Dr Yafa Shanneik will lead the project ‘Reconsidering Muslim Marriage Practices in Europe: The Case of Iraqi and Syrian War-Widows’. It will focus on Iraqi and Syrian war-widows who have settled in the UK and Germany since the toppling of Saddam Hussein in 2003 and the outbreak of the Syrian civil war in 2011. Using innovative ethnographic, legal and artistic research approaches, the project will examine how these women have developed and use new forms of Muslim marriages.

Moving away from notions of female vulnerability, it will examine how and to what extent women are negotiating and modifying marriage practices, and how unconventional marriage practices socially disdained before displacement have become reasonable options. Examples include ‘unregistered’ (‘urfi), ‘temporary’ (mut‘a) (unique to Shia Islam) and ‘visiting’ (misyar) marriages.

These alternative marriage practices contain different legal and financial obligations and entitlements for both spouses than a permanent marriage and offer more flexibility. While they can have an exploitative nature, they can also become means for women’s empowerment and secure their autonomy, independence and freedom.

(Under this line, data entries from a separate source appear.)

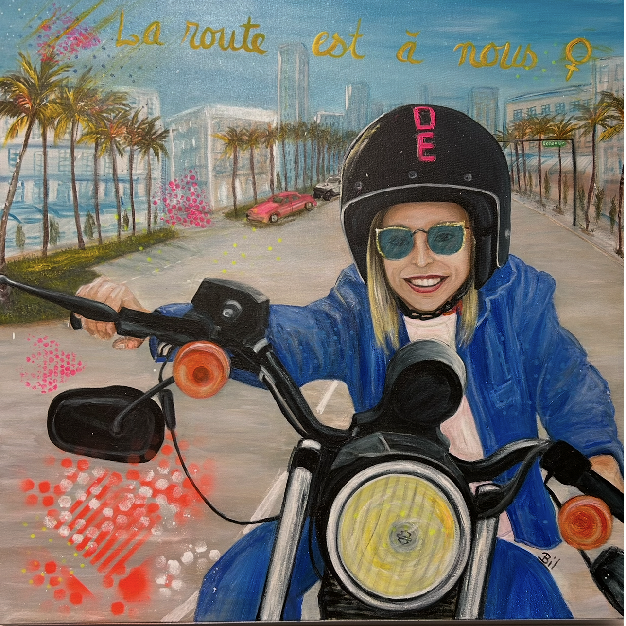 "La route est à nous" - 80 x 80 - acrylique sur toile - de la série Regard de Femmes. Femme sur une Harley Davidson à Miami Beach en Floride. C'est le modèle Sportster comme ma première HD. J'ai prévu de réaliser le même tableau dans un style exotique, un jour... - disponible
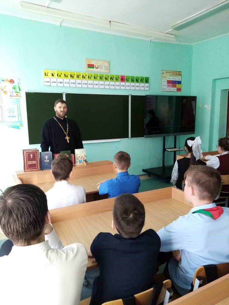 20 марта 2025 года настоятель храма Богоявления в аг. Именин иерей Иоанн Барановский провел во время классного часа беседу с учениками Именинской СШ на тему Дня православной книги, который отмечается 14 марта. Для изучения ребятам была представлена духовная литература: Библия, Псалтирь, Евангелие, Молитвослов.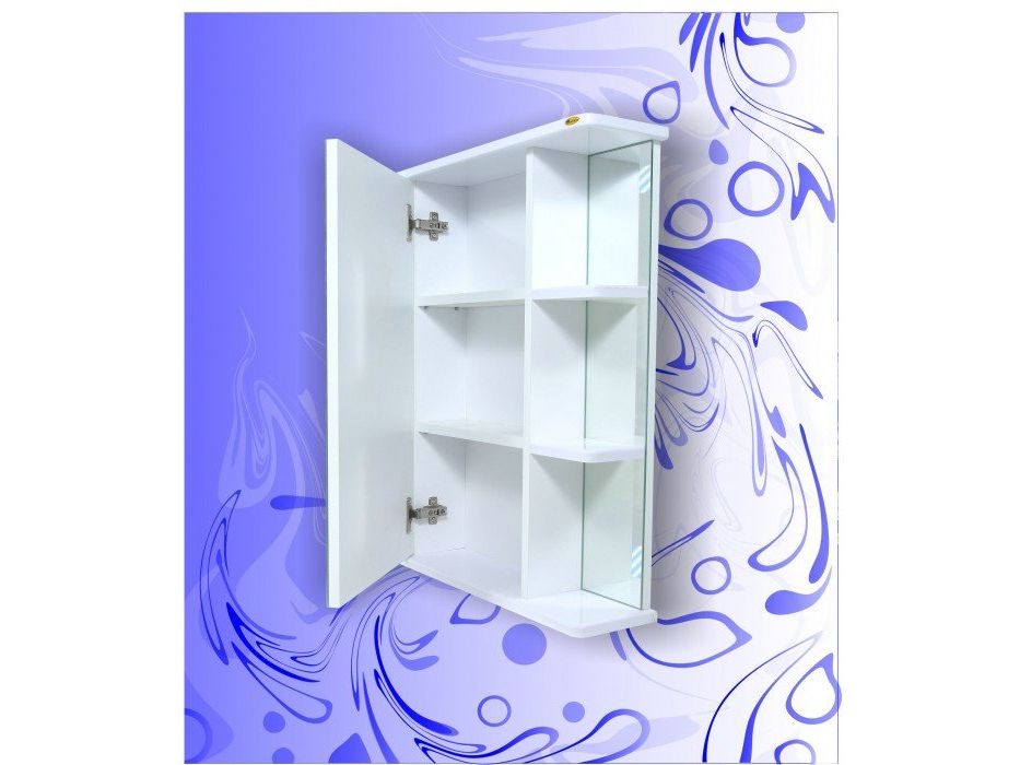 Зеркальный шкаф "Вега" с открытыми полочками - интересная и оригинальная в своем исполнении модель.

Through working with the visual artist Rachel Gadsden, the project will offer women an alternative platform to articulate artistically their feelings and views of marriage practices and the challenges they face within European legal systems in recognising these marriages.

As well as life narratives and artwork being produced by participants, the project will also analyse two recent UK and German legal case studies to further investigate the extent that these new marriages are recognised within the law. Finally, it will look at what other alternative support mechanisms, outside of secular legal systems, exist in the two countries for women to inform them of their marital rights.